• **YOUR TASK**
Retype each line below precisely and omit all images.

• **DATA SHOWN**
──────────

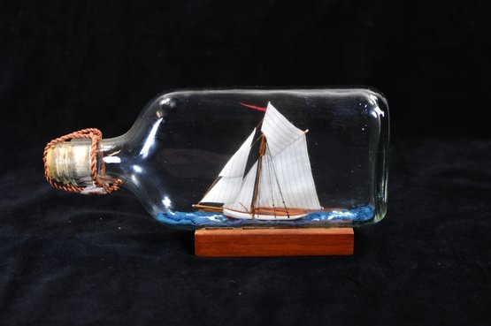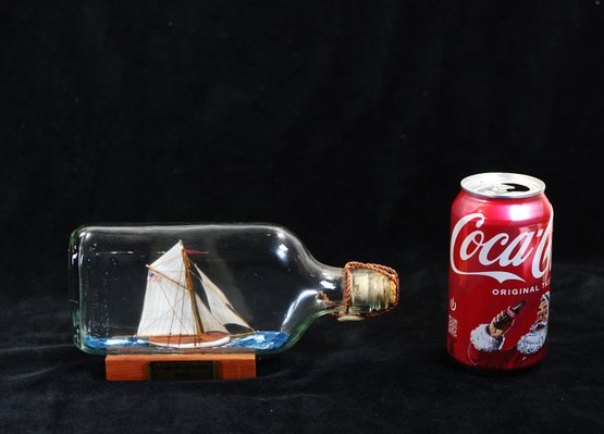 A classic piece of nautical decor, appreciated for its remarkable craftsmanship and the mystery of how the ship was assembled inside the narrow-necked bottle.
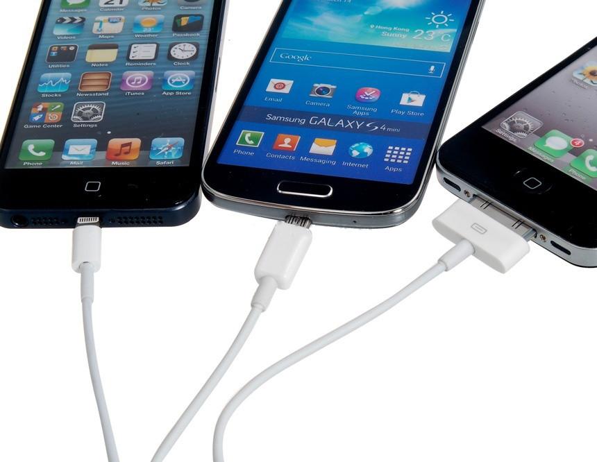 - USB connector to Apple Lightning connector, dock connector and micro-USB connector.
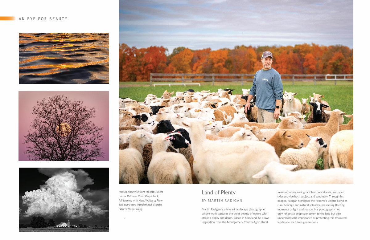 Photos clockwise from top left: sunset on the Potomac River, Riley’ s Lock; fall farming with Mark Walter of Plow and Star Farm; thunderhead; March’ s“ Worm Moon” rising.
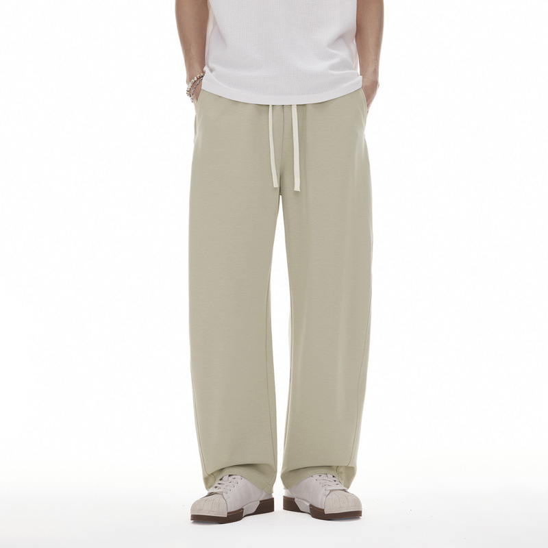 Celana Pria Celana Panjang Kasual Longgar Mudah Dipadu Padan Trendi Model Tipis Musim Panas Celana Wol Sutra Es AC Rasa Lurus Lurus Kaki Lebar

──────────

• **SOLUTION TO THE PROBLEM**
 A classic piece of nautical decor, appreciated for its remarkable craftsmanship and the mystery of how the ship was assembled inside the narrow-necked bottle.
 - USB connector to Apple Lightning connector, dock connector and micro-USB connector.
 Photos clockwise from top left: sunset on the Potomac River, Riley’ s Lock; fall farming with Mark Walter of Plow and Star Farm; thunderhead; March’ s“ Worm Moon” rising.
 Celana Pria Celana Panjang Kasual Longgar Mudah Dipadu Padan Trendi Model Tipis Musim Panas Celana Wol Sutra Es AC Rasa Lurus Lurus Kaki Lebar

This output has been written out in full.